WASHINGTON -- President Barack Obama is calling for a review of the controversial Stand Your Ground laws that were at the heart of the killing of Trayvon Martin.
"I think it would be useful for us to examine some state and local laws to see if it -- if they are designed in such a way that they may encourage the kinds of altercations and confrontations and tragedies that we saw in the Florida case, rather than defuse potential altercations," Obama told reporters in a surprise press conference at the White House on Friday.
Florida was the first state in the nation to pass a law that allows an individual who feels threatened to "stand his or her ground and meet force with force, including deadly force." There are now about 30 states with such statutes.
George Zimmerman was recently found not guilty of second-degree murder in the killing of Martin, an unarmed African-American teenager. Police originally did not arrest Zimmerman for six weeks because of Stand Your Ground.
Although Zimmerman's defense team did not invoke a Stand Your Ground defense, it was still central to the trial and read to the jury as part of its instructions.
"If we're sending a message as a society in our communities that someone who is armed potentially has the right to use those firearms, even if there's a way for them to exit from a situation, is that really going to be contributing to the kind of peace and security and order that we'd like to see?" asked Obama on Friday.
"And for those who resist that idea, that we should think about something like these 'Stand Your Ground' laws, I just ask people to consider if Trayvon Martin was of age and armed, could he have stood his ground on that sidewalk? And do we actually think that he would have been justified in shooting Mr. Zimmerman, who had followed him in a car, because he felt threatened? And if the answer to that question is at least ambiguous, it seems to me that we might want to examine those kinds of laws," he added.

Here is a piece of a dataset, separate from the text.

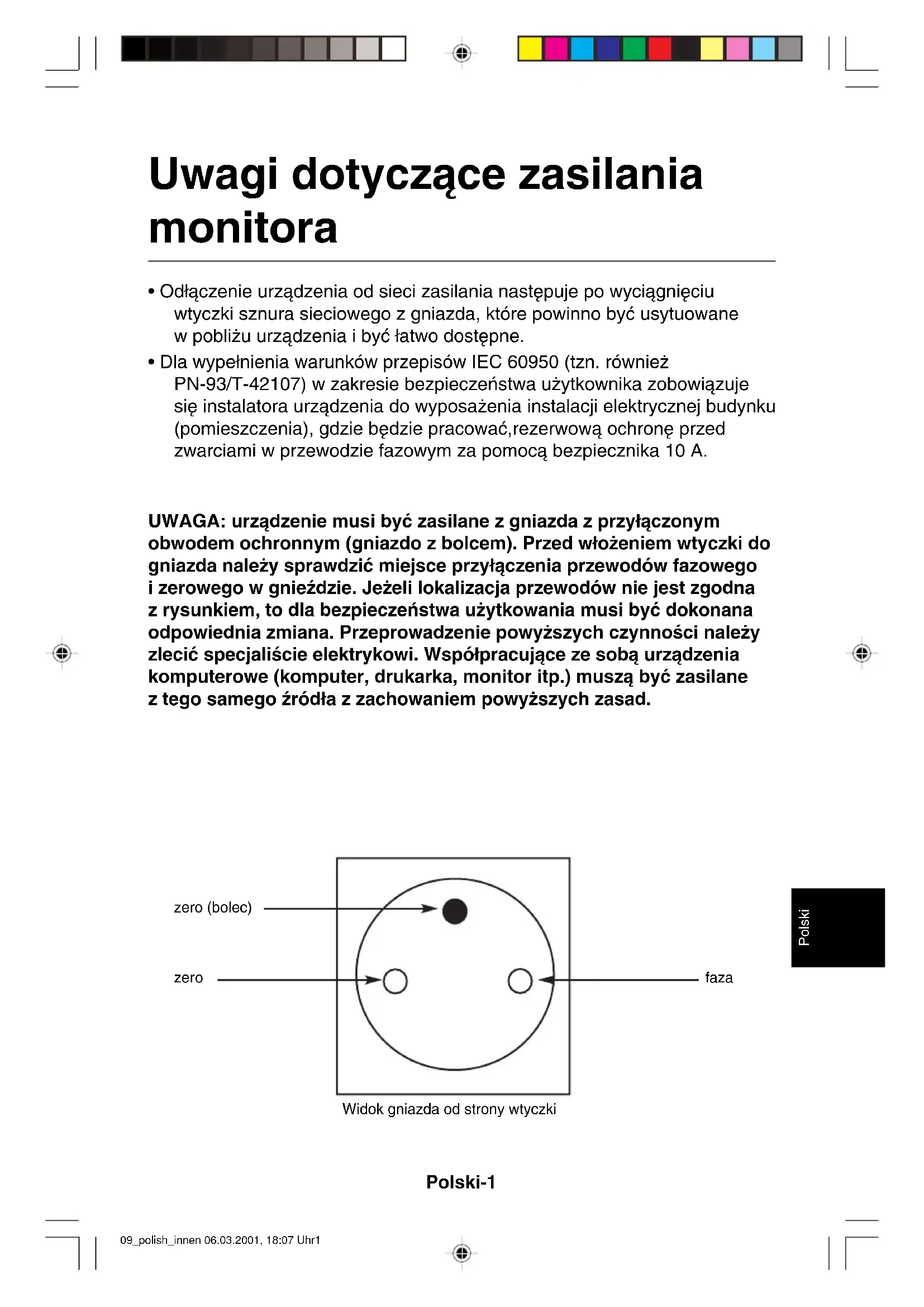 - Dla wype∏nienia warunków przepisów IEC 60950 (tzn. równie˝ PN-93/T-42107) w zakresie bezpieczeƒstwa u˝ytkownika zobowiàzuje si´ instalatora urzàdzenia do wyposa˝enia instalacji elektrycznej budynku (pomieszczenia), gdzie b´dzie pracowaç,rezerwowà ochron´ przed zwarciami w przewodzie fazowym za pomocà bezpiecznika 10 A. UWAGA: urzàdzenie musi byç zasilane z gniazda z przy∏àczonym obwodem ochronnym (gniazdo z bolcem). Przed w∏o˝eniem wtyczki do gniazda nale˝y sprawdziç miejsce przy∏àczenia przewodów fazowego izerowego w gnieêdzie. Je˝eli lokalizacja przewodów nie jest zgodna zrysunkiem, to dla bezpieczeƒstwa u˝ytkowania musi byç dokonana odpowiednia zmiana. Przeprowadzenie powy˝szych czynnoÊci nale˝y zleciç specjaliÊcie elektrykowi. Wspó∏pracujàce ze sobà urzàdzenia komputerowe (komputer, drukarka, monitor itp.) muszà byç zasilane ztego samego êród∏a z zachowaniem powy˝szych zasad. zero (bolec) zero faza Widok gniazda od strony wtyczki 09_polish_innen 06.03.2001, 18:07 Uhr1Polski-2 ZawartoÊç opakowania Wewnàtrz kartonu* z monitorem MultiSync FP1375X powinny znajdowaç si´ nast´pujàce elementy:

Sen. Dick Durbin (D-Ill.) also announced on Friday that his Senate judiciary subcommittee will hold a hearing on such laws in September. It will delve into how these laws and racial profiling mix and the role of the conservative American Legislative Exchange Council in pushing these statutes nationwide. In May, the U.S. Civil Rights Commission voted to launch an investigation into whether Stand Your Ground laws have a racial bias.
A June 2012 study by the Tampa Bay Times found that in Florida, defendants who cited the Stand Your Ground law were more likely to prevail when the victim was black. Seventy-three percent of those who killed a black person walked away with no penalty, compared to 59 percent of those who killed a white victim.